Goal of the exercise:
Below is a listing to repeat exactly, with its pictures left out.

Data records START

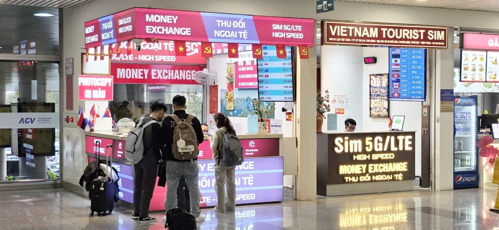 En los aeropuertos suele haber cajeros de bancos vietnamitas como Vietcombank, Agribank, Vietinbank, Techcombank o VIB. Son bancos habituales y puedes sacar sin problema, aunque la mayoría aplican una pequeña comisión por retirada (normalmente entre 20.000 y 50.000 VND / aprox. 0,7–1,5 €).
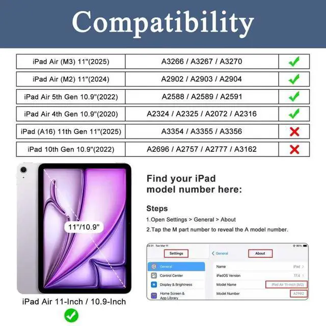 CompatibilityExclusively designed for iPad Air 11 inch 2025/2024 & iPad Air 5th/4th Generation 10.9 -inch ONLY. iPad Air 11-Inch 2025
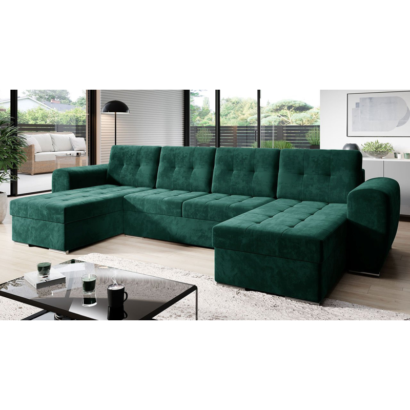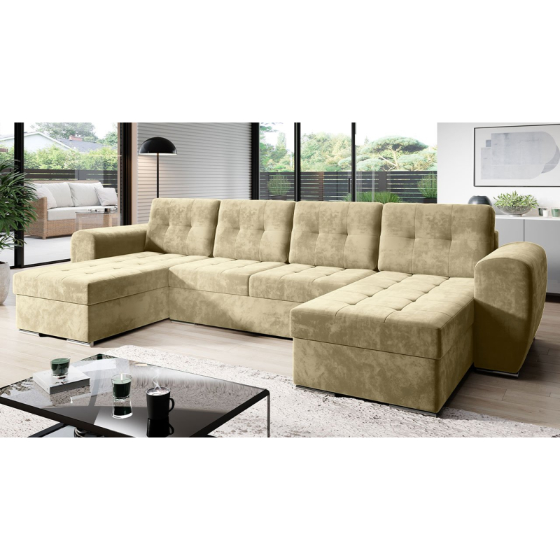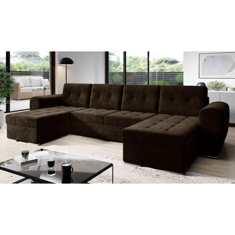 Velká rohová rozkládací sedací souprava Darilko U je rájem pro rodinnou relaxaci. Každé prošívané sedadlo poskytuje pohodlné podmínky pro sledování filmů, čtení knih a dlouhé rozhovory s šálkem kávy v ruce. Přidáním konferenčního stolku k sedací soupravě zorganizujete pohodlný prostor pro každodenní odpočinek.
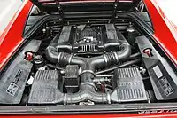Apart from the displacement increase from 3.4 L (3,405 cc) to 3.5 L (3,495 cc), the major difference between the V8 engine in the 348 and F355 is the introduction of a 5-valve cylinder head. This new head design allowed for better intake permeability and resulted in an engine that was considerably more powerful, generating a maximum power output 380 PS (279 kW; 375 hp) at 8,250 rpm and 363 N⋅m (268 lb⋅ft) of at 6,000 rpm.[3] The longitudinally mounted 90° V8 engine was stroked by 2 mm over the 348's engine (77 mm rather than 75 mm), resulting in the small increase in displacement. Engine internals are produced using lightweight materials; the connecting rods are forged in Ti6-Al-4V titanium alloy. The engine's compression ratio is 11:1 and employs the Bosch Motronic 2.7 engine control unit in the 1995 model year, later changed to the M5.2 in 1996 through end of production. The Motronic system controls the electronic fuel injection and ignition systems, with a single spark plug per cylinder. Engine lubrication is via a dry sump oiling system. The engine was designed by Paolo Martinelli.[4]
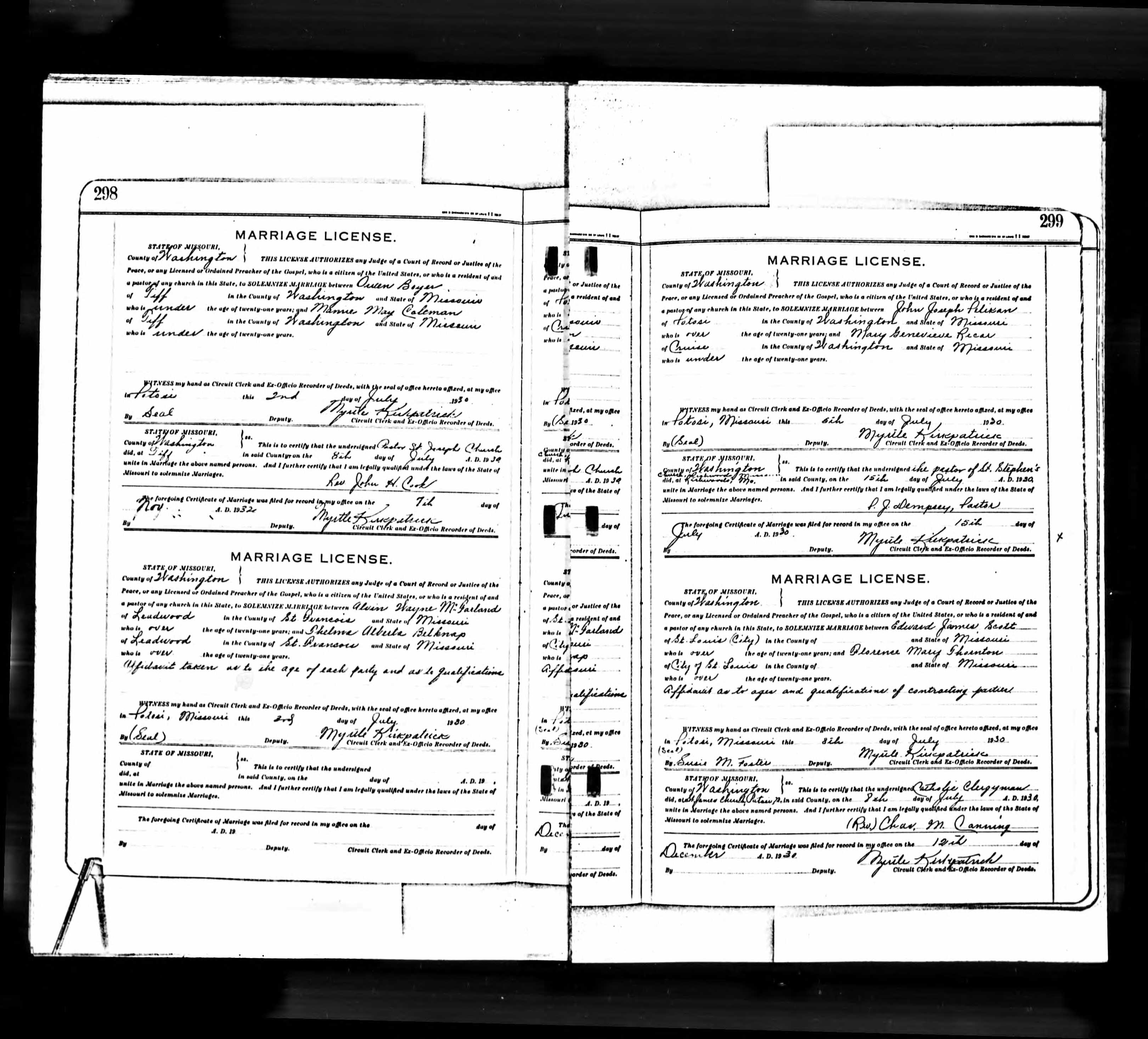 Missouri Marriage Record, Alvin Wayne McFarland and Thelma Alberta Belknap
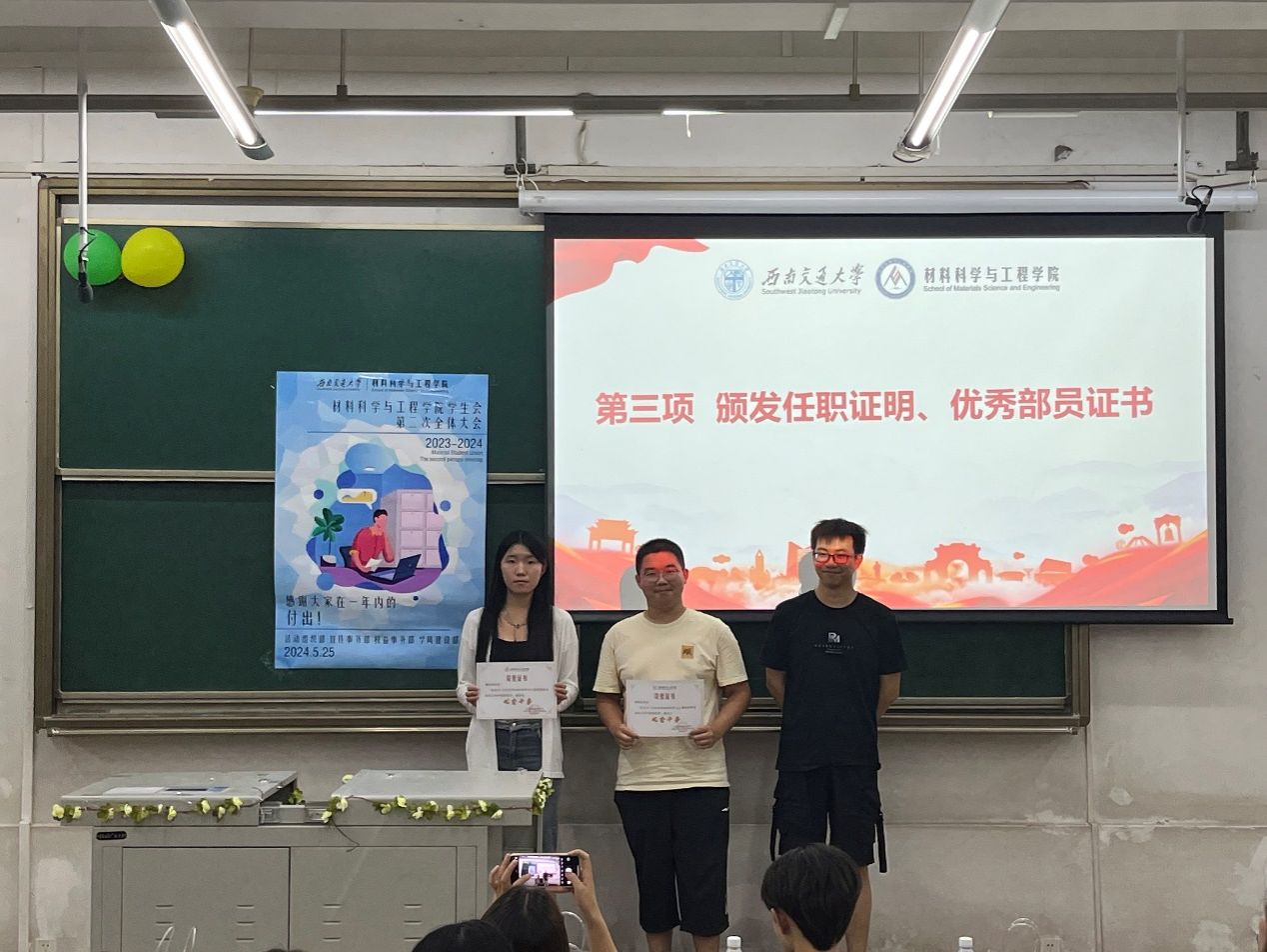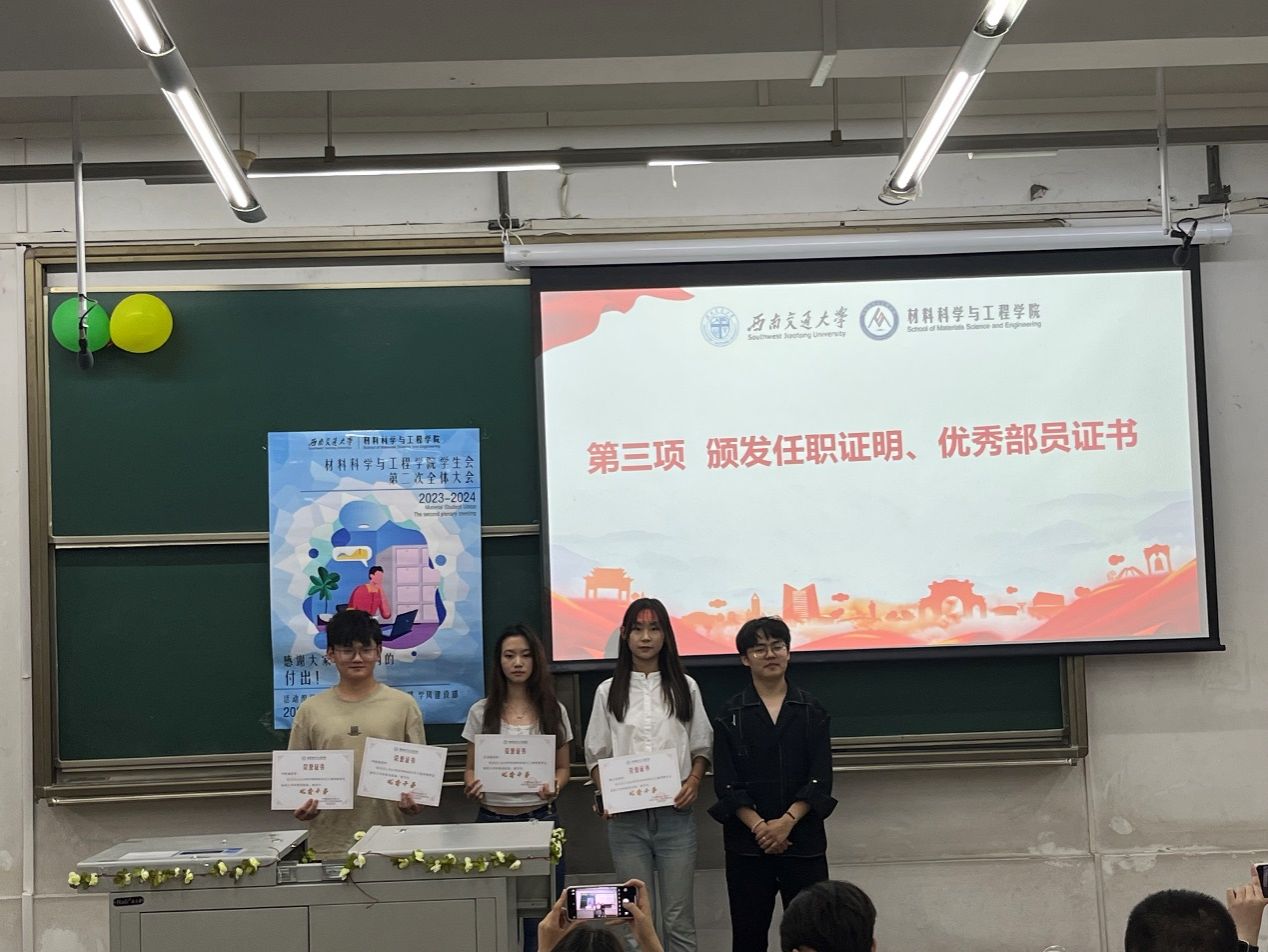 大会第三项议程:颁发任职证明、优秀部员证书。一纸证书,代表着不懈努力工作受到的肯定,意味着辛勤付出得到的回报,或是其他——会场洋溢着欢乐的笑声。

Data records END

Task output:
 En los aeropuertos suele haber cajeros de bancos vietnamitas como Vietcombank, Agribank, Vietinbank, Techcombank o VIB. Son bancos habituales y puedes sacar sin problema, aunque la mayoría aplican una pequeña comisión por retirada (normalmente entre 20.000 y 50.000 VND / aprox. 0,7–1,5 €).
 CompatibilityExclusively designed for iPad Air 11 inch 2025/2024 & iPad Air 5th/4th Generation 10.9 -inch ONLY. iPad Air 11-Inch 2025
 Velká rohová rozkládací sedací souprava Darilko U je rájem pro rodinnou relaxaci. Každé prošívané sedadlo poskytuje pohodlné podmínky pro sledování filmů, čtení knih a dlouhé rozhovory s šálkem kávy v ruce. Přidáním konferenčního stolku k sedací soupravě zorganizujete pohodlný prostor pro každodenní odpočinek.
Apart from the displacement increase from 3.4 L (3,405 cc) to 3.5 L (3,495 cc), the major difference between the V8 engine in the 348 and F355 is the introduction of a 5-valve cylinder head. This new head design allowed for better intake permeability and resulted in an engine that was considerably more powerful, generating a maximum power output 380 PS (279 kW; 375 hp) at 8,250 rpm and 363 N⋅m (268 lb⋅ft) of at 6,000 rpm.[3] The longitudinally mounted 90° V8 engine was stroked by 2 mm over the 348's engine (77 mm rather than 75 mm), resulting in the small increase in displacement. Engine internals are produced using lightweight materials; the connecting rods are forged in Ti6-Al-4V titanium alloy. The engine's compression ratio is 11:1 and employs the Bosch Motronic 2.7 engine control unit in the 1995 model year, later changed to the M5.2 in 1996 through end of production. The Motronic system controls the electronic fuel injection and ignition systems, with a single spark plug per cylinder. Engine lubrication is via a dry sump oiling system. The engine was designed by Paolo Martinelli.[4]
 Missouri Marriage Record, Alvin Wayne McFarland and Thelma Alberta Belknap
 大会第三项议程:颁发任职证明、优秀部员证书。一纸证书,代表着不懈努力工作受到的肯定,意味着辛勤付出得到的回报,或是其他——会场洋溢着欢乐的笑声。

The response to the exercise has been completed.